[Records contained in a dataset]
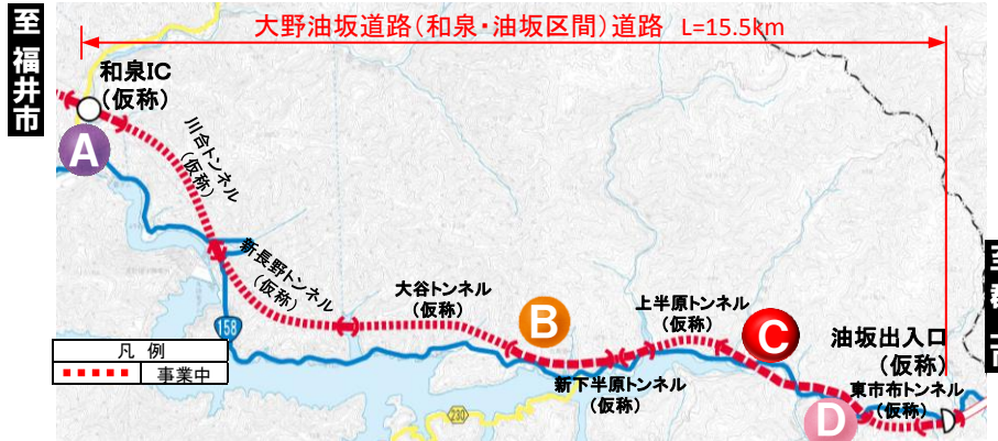
大野油坂道路（和泉～油坂区間）工事状況

※表示は本線部分の進捗を示したものです ※横式図のため観望状況と一致しない場合があります
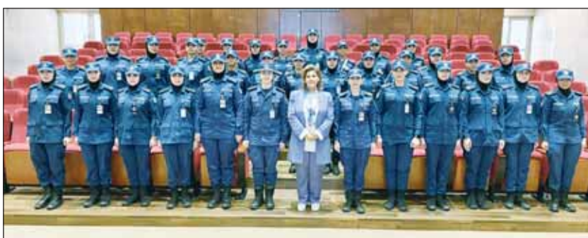
السفيرة الشبيخة جواهر إبراهيم الدعيج متوسطة ضابطات الإطفاء

كما تضمن اللقاء تبادل الأحاديث الودية، ومناقشة عدد من الموضوعات ذات الاهتمام المشترك، بما يعكس اهتمام الدولة بتعزيز دور المرأة في المؤسسات العسكرية، وترسيخ مبدأ تكافؤ الفرص، بما يواكب توجهات التنمية ويميز جاهزية وكفاءة قوة الإطفاء العام في أداء رسالتها الوطنية.
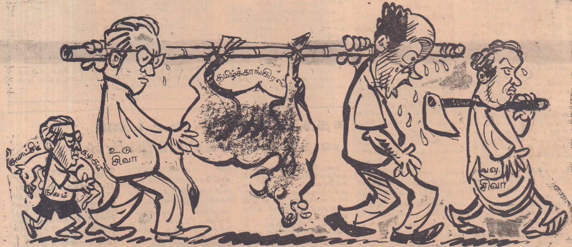
சுதந்திரன் 27-5-70ல் மேற்கண்ட 'கார்ட்டூன்' வெளியிட்டிருந்தோம். சுதந்திரன் தீர்க்கதரிசனத்துடன் குறிப்பிட்டிருந்தபடி தமிழ் காங்கிரஸ் என்னும் செத்தமாட்டை 'கார்ட்டூனில்' குறிப்பிடப்பட்டுள்ள மூவரும் மே 27ல் குழி தோண்டிப் புதைத்துவிட்டனர். ஆனால் புதைத்த மாட்டை வெளியே எடுத்து உயிர்கொடுக்கும் வேலையில் புதிதாக மூன்று முட்டாள்கள் இறங்கியிருக்கின்றனர். செத்த மாடு செத்த மாடுதான். அதற்கு உயிர் கொடுக்க இனி யாராலும் முடியாது!

■ **About this task**:
Search the records for lines holding the word "الإطفاء", then copy each line you find.

■ **Response to the task**:
السفيرة الشبيخة جواهر إبراهيم الدعيج متوسطة ضابطات الإطفاء
كما تضمن اللقاء تبادل الأحاديث الودية، ومناقشة عدد من الموضوعات ذات الاهتمام المشترك، بما يعكس اهتمام الدولة بتعزيز دور المرأة في المؤسسات العسكرية، وترسيخ مبدأ تكافؤ الفرص، بما يواكب توجهات التنمية ويميز جاهزية وكفاءة قوة الإطفاء العام في أداء رسالتها الوطنية.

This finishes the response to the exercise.